Business leaders today are constantly operating in the middle of two extremes. On the one side are all of the tactical demands of the business - tasks, issues, crises and other things that just have to get done. On the other side are all of the strategic demands - the ideas, concepts, strategies, messages and models that are essential to the future of your company. Some CEOs focus too much on the tactical side (working in the business but never on it), and others get wrapped up in strategic thinking but lose sight of day-to-day execution priorities.
Value proposition development is a process that helps you connect these two worlds, so that your tactics mirror your strategy and your strategy supports your tactics. The key is understanding how to think about and formulate your value proposition.
Your value proposition means establishing a business case for the value that your company will uniquely deliver to its target market - value that customers cannot get from anyone else.
Five Ways to Deliver Value
There are five ways in which you can deliver value to your customers:
1. Economic Value - Providing a financial value to the customer (lower price, higher ROI).
2. Transformative Value - Positioning the customer for success through your product/service.
3. Transactional Value - Saving the customer time, resources or effort.
4. Emotional Value - Leaving the customer with a greater sense of satisfaction.
5. Intrinsic Value - Supporting the customer's own beliefs or vision through your offerings.
Considering Your Competitive Position
In addition, your value proposition should consider and respond to a number of factors, chief among them your competitors and their positions in the market.
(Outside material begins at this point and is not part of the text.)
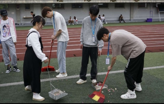 活动中,志愿者们以一丝不苟、认真负责的工作态度,将足球场、教学楼、食堂、篮球场等环境区域清扫干净。
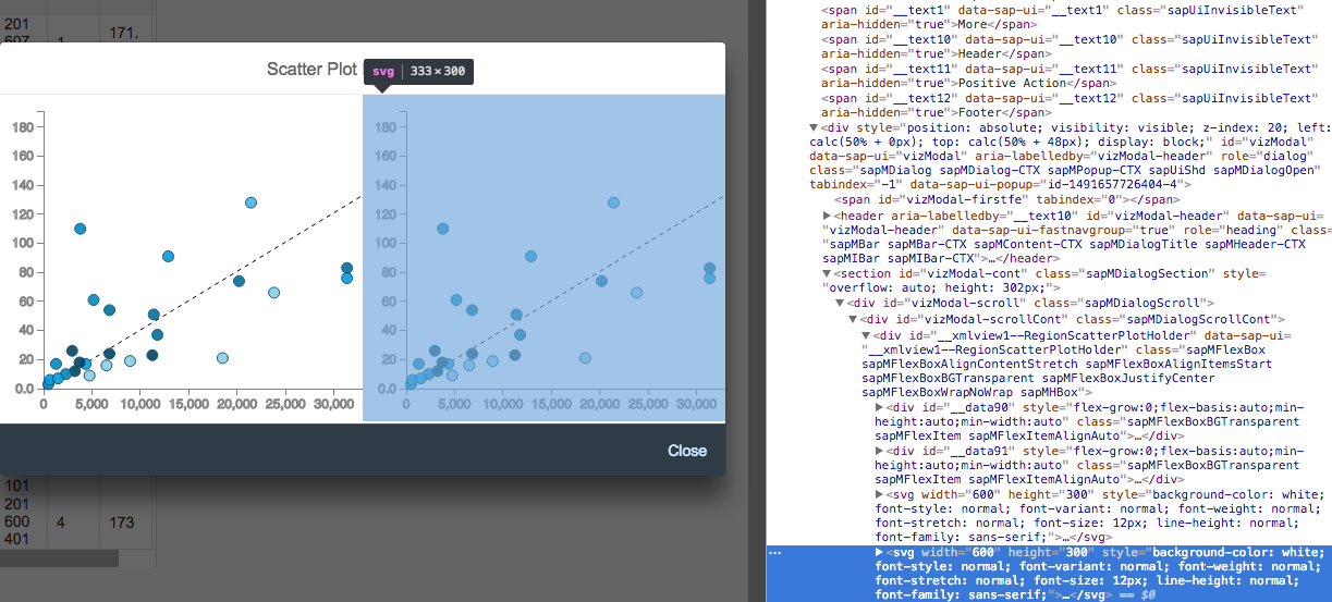 我有一个包含散点图的自定义控件。当按下按钮时,它会打开一个显示图表的模态/对话框控件(见下图)。唯一的问题是图表显示了两次!打开dev工具后,似乎所有的生命周期都呈现了两次。我不知道为什么会发生这种情况,但我只需要呈现一次。

In order to develop a powerful value proposition, you need to select and commit to a definite (and defensible) spot on the map - a place where you can offer better, faster or different solutions in comparison to the other key players in the space.
To develop your value proposition, then, you need to keep one eye on your customers (and how you can deliver value to them across the five categories), and another eye on your competitors (and how you can mark out a position on the playing field that is unique and supports the value of your offerings).
Developing a Clear Message
Once you have identified and made decisions regarding those two points, then you need to organize your findings by developing a clear message. Your value proposition should be general enough that customers can understand it in non-technical terms, and specific enough that you can benchmark key areas of your business in light of the specific values you promise to deliver.
The results of the value proposition development process provide a solid basis for improving your sales and marketing efforts while also benchmarking internal operations against the values that are essential to your customers.